そんな実例があったとは知りませんでした。
折しも「防衛庁」から「防衛省」への昇格法案が国会審議中。
(読売から抜粋)大阪高裁、住基ネット離脱を容認「情報保護に欠陥」
住民基本台帳ネットワークシステム(住基ネット)はプライバシー権を侵害し違憲だとして、大阪府箕面(みのお)市など府内5市の住民16人が、住民票コードの削除や損害賠償などを求めた訴訟の控訴審判決が30日、大阪高裁であった。
竹中省吾裁判長は「住基ネット制度は、個人情報保護対策の点で無視できない欠陥があり、プライバシー権を侵害している」と述べ、住民側の請求を棄却した1審・大阪地裁判決を変更、箕面、吹田、守口の3市に、住民4人のコードを削除し、住基ネットからの離脱を認める判決を言い渡した。
住基ネットからの「個人離脱」は昨年5月、金沢地裁が初めて認定。

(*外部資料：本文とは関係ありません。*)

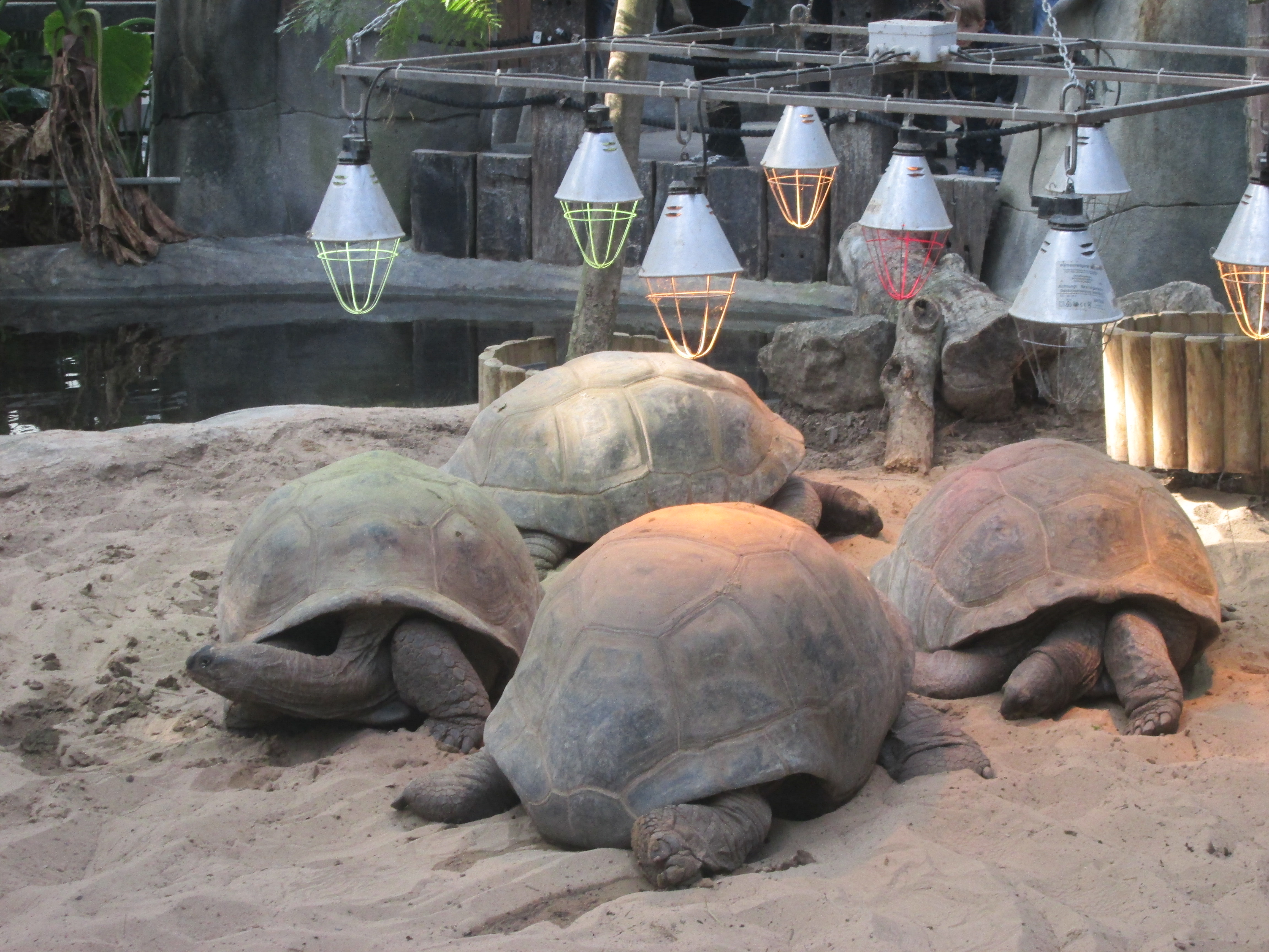 Dipsochelys dussumieri at Parco Cornelle ITALY
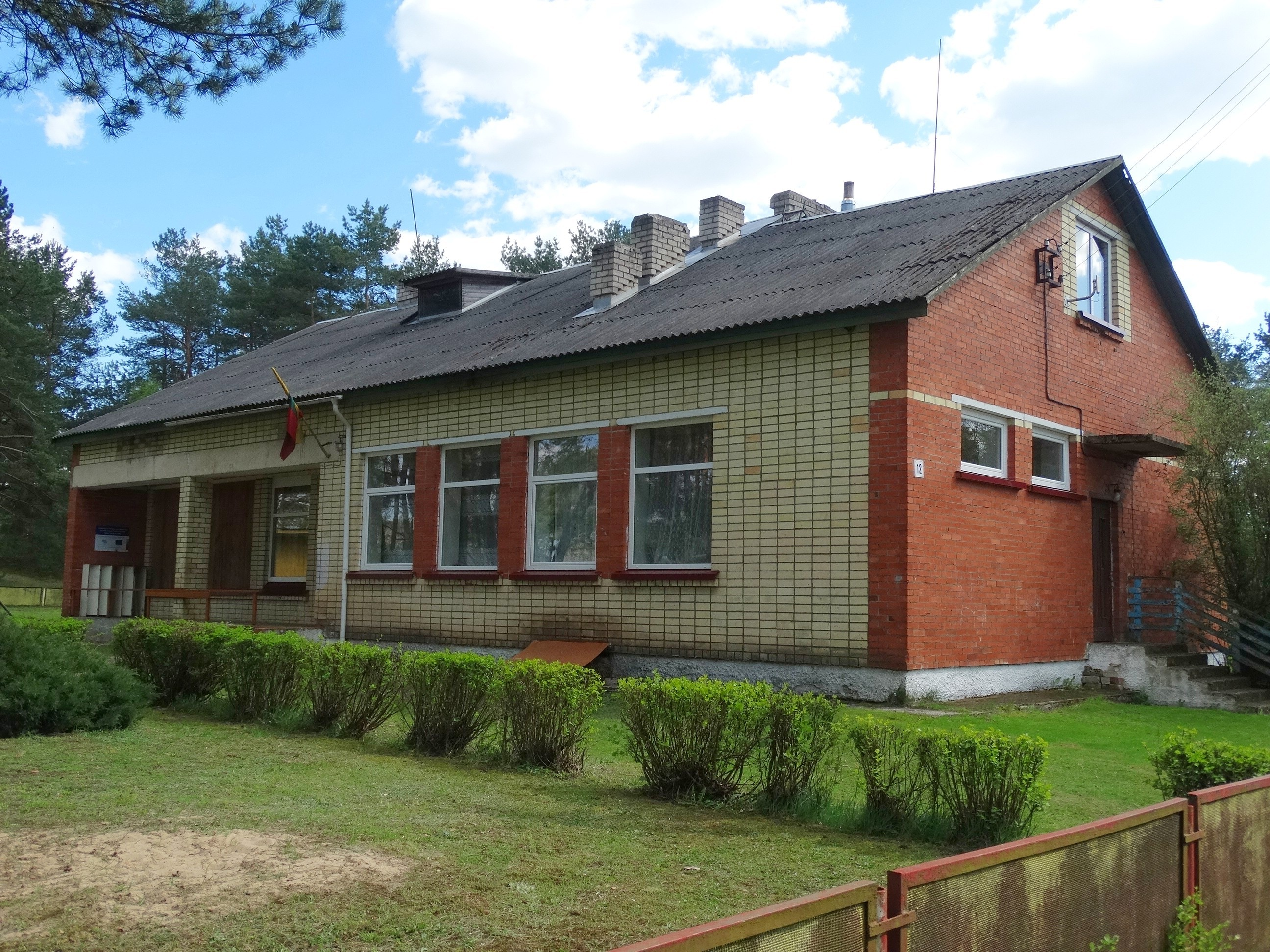 School, Tetėnai, Šalčininkai District, Lithuania
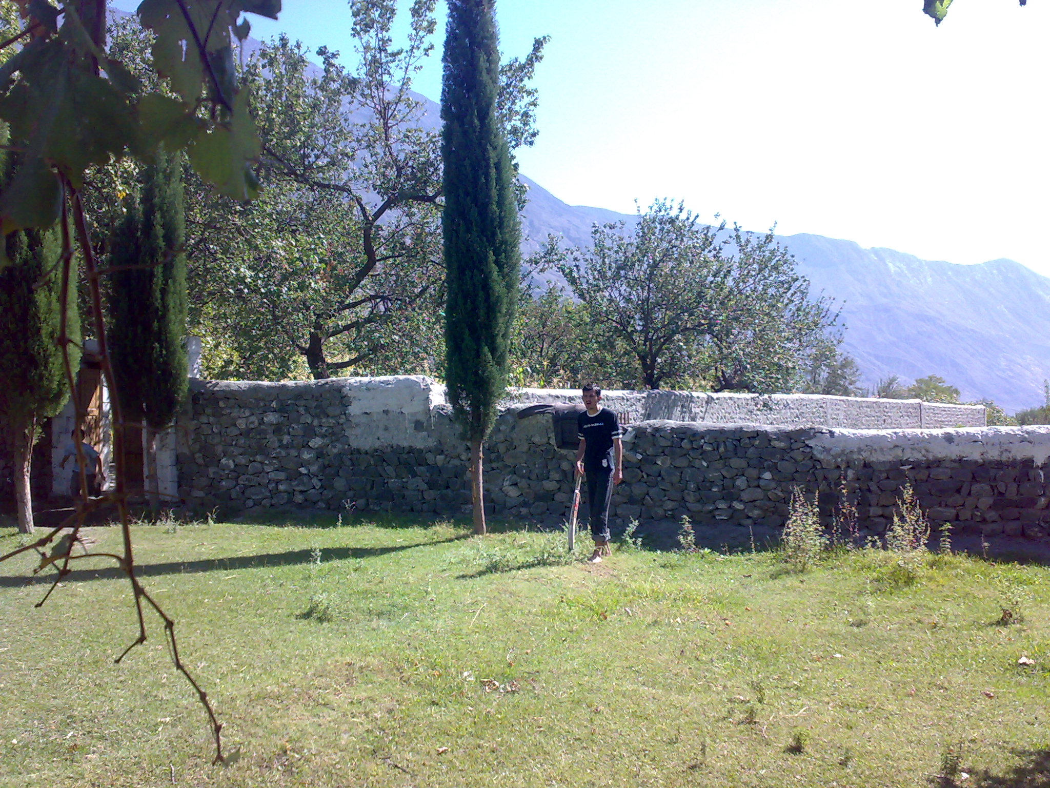 Chamogarh village (chhamugarh), Gilgit-Baltistan, Pakistan

高裁レベルでは初めて。
判決はまず、「住基ネットが、情報漏えいや目的外利用によって、本人が情報の提供や利用の可否を決める自己情報コントロール権(プライバシー権の一つ)を侵害される具体的な危険があれば、憲法13条に反する」との基準を示した。
竹中裁判長は「住基ネットは厳重なセキュリティー対策が講じられ、情報漏えいの危険性はない」と評価。一方で、行政機関が保有する本人確認情報を利用できる国の事務が拡大され、行政機関自ら法律や条例で将来、無制限に拡大できる点を指摘した。

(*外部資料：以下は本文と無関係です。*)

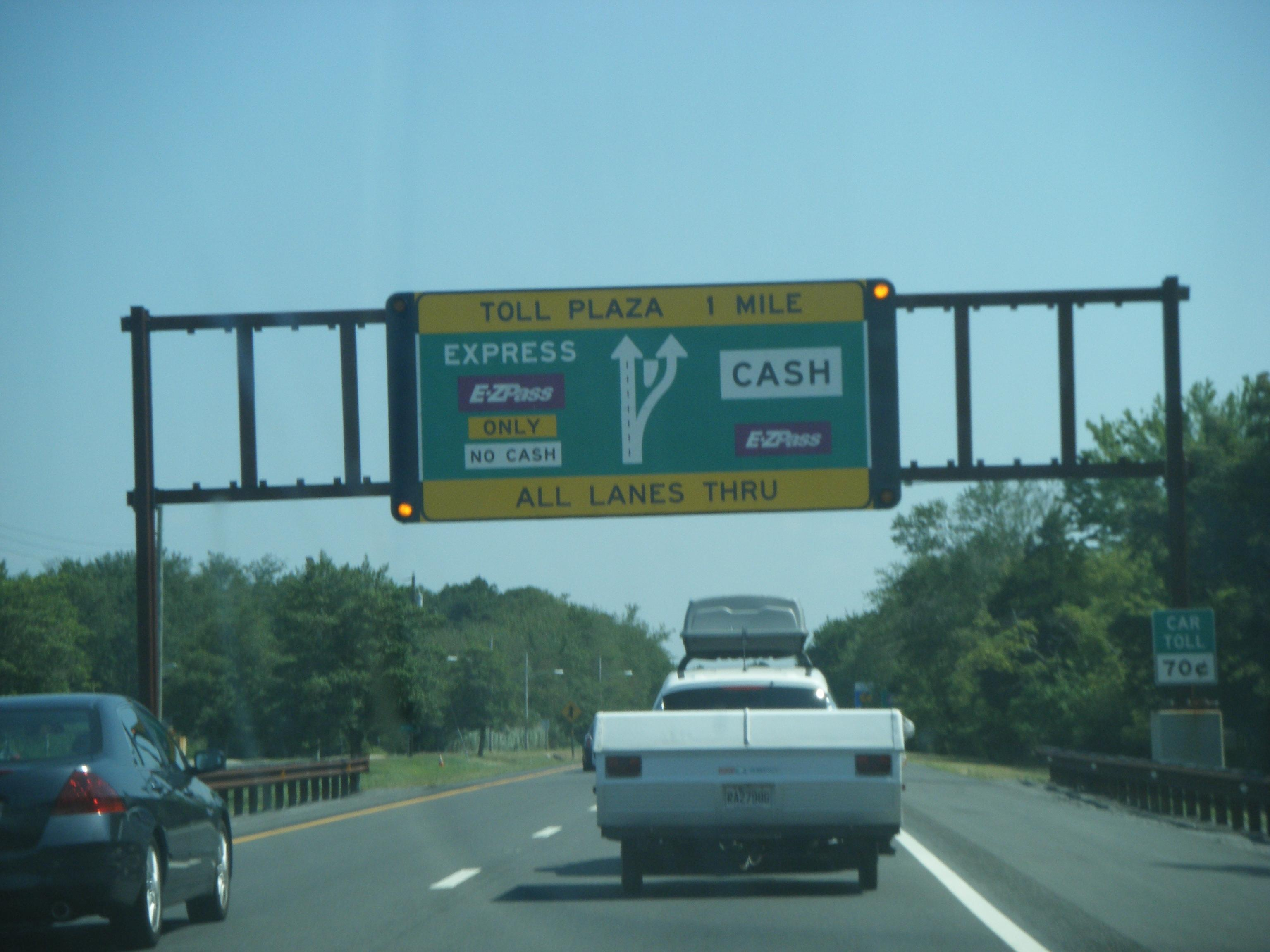 Northbound Garden State Parkway in Dennis Township, New Jersey 1 mile from the Cape May Toll Plaza in Upper Township, New Jersey

さらに、防衛庁が自衛官の適齢者情報を収集した自治体のうち、3分の1以上が住民基本台帳法で閲覧が認められていない情報を提供していた実例も挙げ、「個人情報が際限なく、目的外利用される危険性が具体的に存在することをうかがわせる」と認定した。
これらの点から、竹中裁判長は「集積された個人情報が、住民票コードによる検索でデータ照合や名寄せが行われ、本人の予期しない時に予期しない範囲で行政機関に保存・利用される危険がある」とした。
そのうえで「目的外利用を監視する第三者機関はなく、住基ネットの運用は、自己情報コントロール権を著しく侵害するものと言わざるを得ない」と結論付けた。